Small Business Super Risks

Small Business Super Risks

Many small business owners neglect to pay themselves super believing the business will fund their retirement. We share some useful insights from Helen Barker of Inside Small Business, regarding the resultant risks and lost opportunities for SME business owners who don’t pay themselves super.

Risks

  • Your business fails: You can’t be certain that your business will survive as long as you. Without super to fall back on, you’ll be left with nothing to show for your efforts should the worst happen.
  • Your business sells for less than you hoped: Your business may be worth a lot now, but that may not be the case when you want to retire or need to due to ill health or some other change in circumstances. Again, without super, you are left exposed.
  • Your business fails to sell: Planning to sell your business and being able to do so are very different things. There are a lot of reasons why a business may fail to sell: some you can fix, others not. If you have super, you could semi-retire or appoint a general manager to run things for you until you do find a buyer. Without super, you are stuck working for longer.
  • Lost earnings: Under new rules, inactive low-balance super accounts (those with no incoming contributions) must be wound up. While monies from closed funds can be returned, you’ll lose the earnings they could have built had the account stayed open, plus any insurance policies you had tied to them.

Lost Opportunities

  • Business premises: For some business owners, a self-managed super fund (SMSF) can deliver both business and personal benefits. Your SMSF can purchase the property from which the business operates and set the rent it pays. You own an additional asset from the business and the rent ultimately goes back to you instead of some third party. Meanwhile, the business can enjoy favourable rental terms, such as price reductions when cash flow is tight.
  • Lower tax bills: Self-employed Australians are generally able to claim a deduction for their pre-tax super contributions. Plus, super contributions are only taxed at 15 percent, whereas most incomes are taxed at a much higher rate. That means your taxable income goes down, even though the money is going to yourself via your super.
  • Co-contributions: If you are deemed to be a low-income earner (many self-employed people earn less than their employees), you may be eligible for government co-contributions.
  • Spousal contributions: Depending on your spouse’s income, you could reduce your tax bill by contributing to their super too.
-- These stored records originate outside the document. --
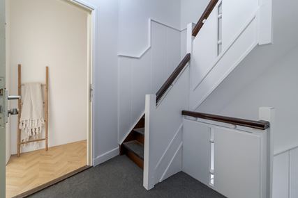 Via het gezamenlijke trappenhuis bereikt men de entree van dit mooie appartement, waarin authentieke details en hedendaags wooncomfort naadloos samenkomen. Via de nette entree kom je binnen in de hal, die toegang biedt tot de wasruimte en de royale woonkamer.
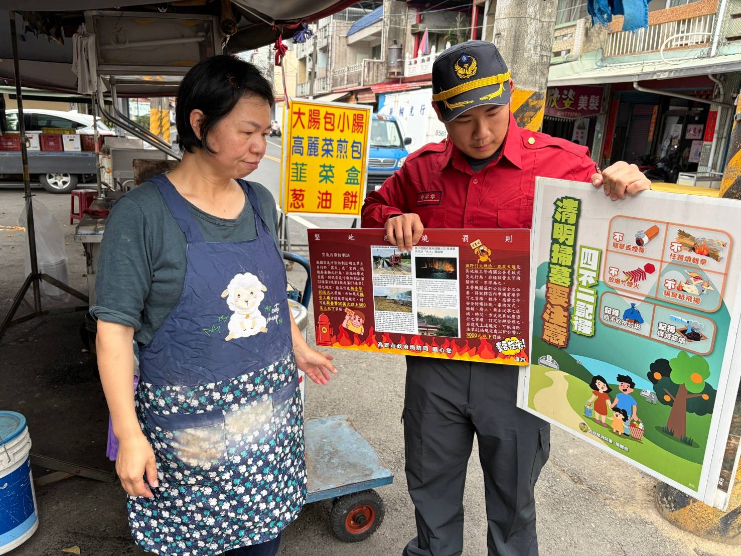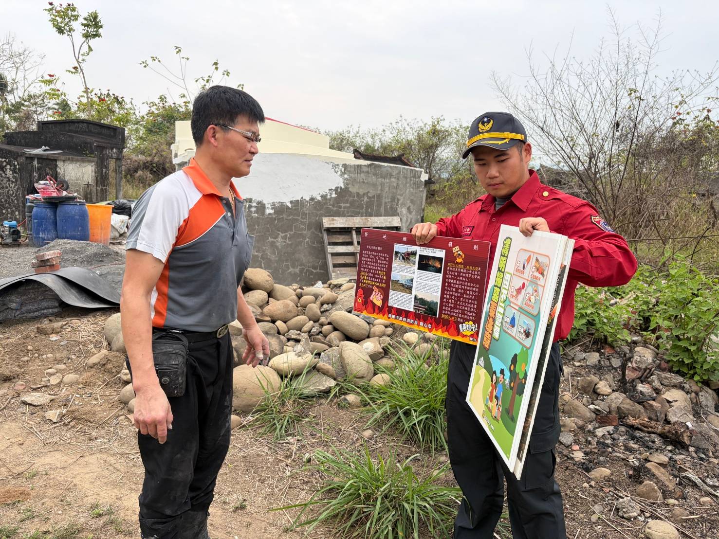 為提升民眾防火警覺,杉林分隊於228連假前開始深入社區宣導「4不2要」防火原則;期間則於各公墓主要出入口架設廣播設備,以客家語及閩南語持續提醒民眾「不隨意焚燒雜草」及「務必撲滅餘燼」,讓防火觀念在掃墓行程中自然落實。
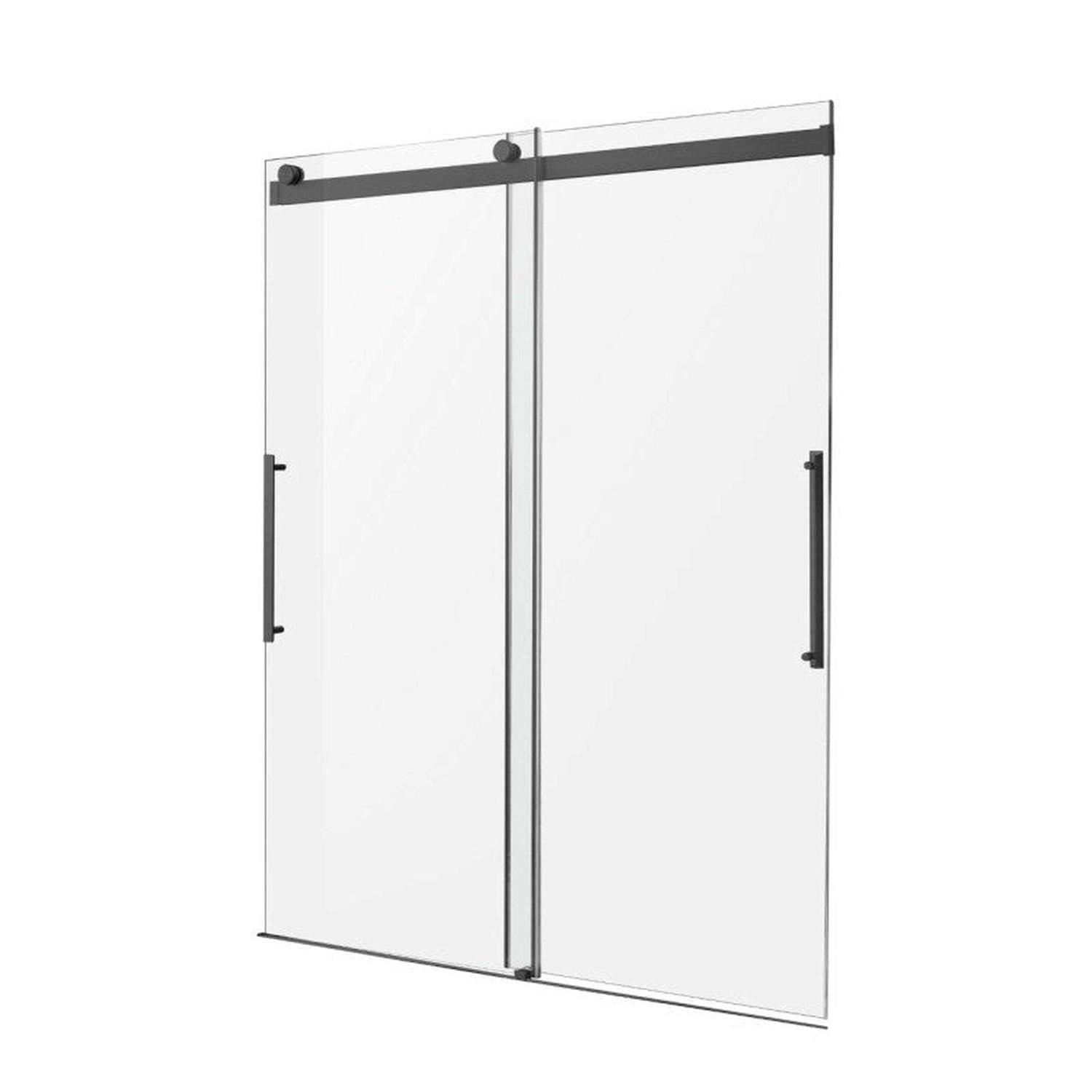Anzzi SD-FRLS05902MB Stellar Series 60 in. x 76 in. Frameless Sliding Shower Door with Handle in Matte Black
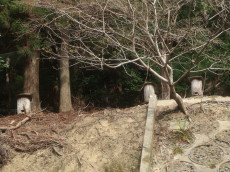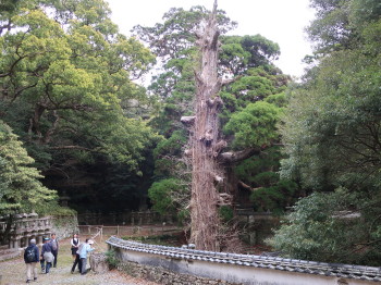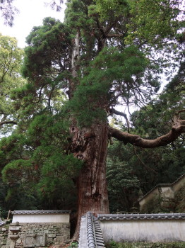 万松院の建立前から生えていた言われる樹齢1200年の3本の大杉が宗家墓所に一層の風格を添えていました。 立ち枯れに見えた1本の大杉には芽出しが見られましたので、復活が期待されます。
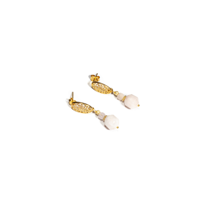 Cercei unicat, concept Ioana Condurățeanu, realizați manual în atelierele Sheba din pietre naturale, cu accesorii din argint auriu. Cerceii sunt compuși din pietre fațetate de cuarț roz suspendate sub o tortiță specială de formă ovală. Cerceii sunt prevăzuți cu sistem de prindere pe ureche tip tijă cu fluturaș, astfel se așază perfect pe lob și sunt comozi de purtat. Bijuteria oferă o notă de serenitate și rafinament, potrivită atât pentru ținute smart-casual, cât și pentru evenimente elegante. Puteți cere ajutorul consilierilor Sheba pentru a vă comanda, în funcție de preferințe și de ținuta la care doriți să îi purtați, un pandantiv potrivit.

Plus, they may then qualify for government co-contributions on top of those payments you make.
  • Compounding effect: Not investing in super in your younger days means you don’t benefit from the compounding effect over your working life. And by depositing funds along the way, you can take advantage of price cycles in various assets (buy low, sell high) to generate better overall returns.
  • Insurance protections: Life, disability, and income protection insurances provide a safety net over your ability to earn a living. You may not bother with them if they had to come out of the household budget. But with super paying for them, you can protect yourself and your family without feeling the pinch.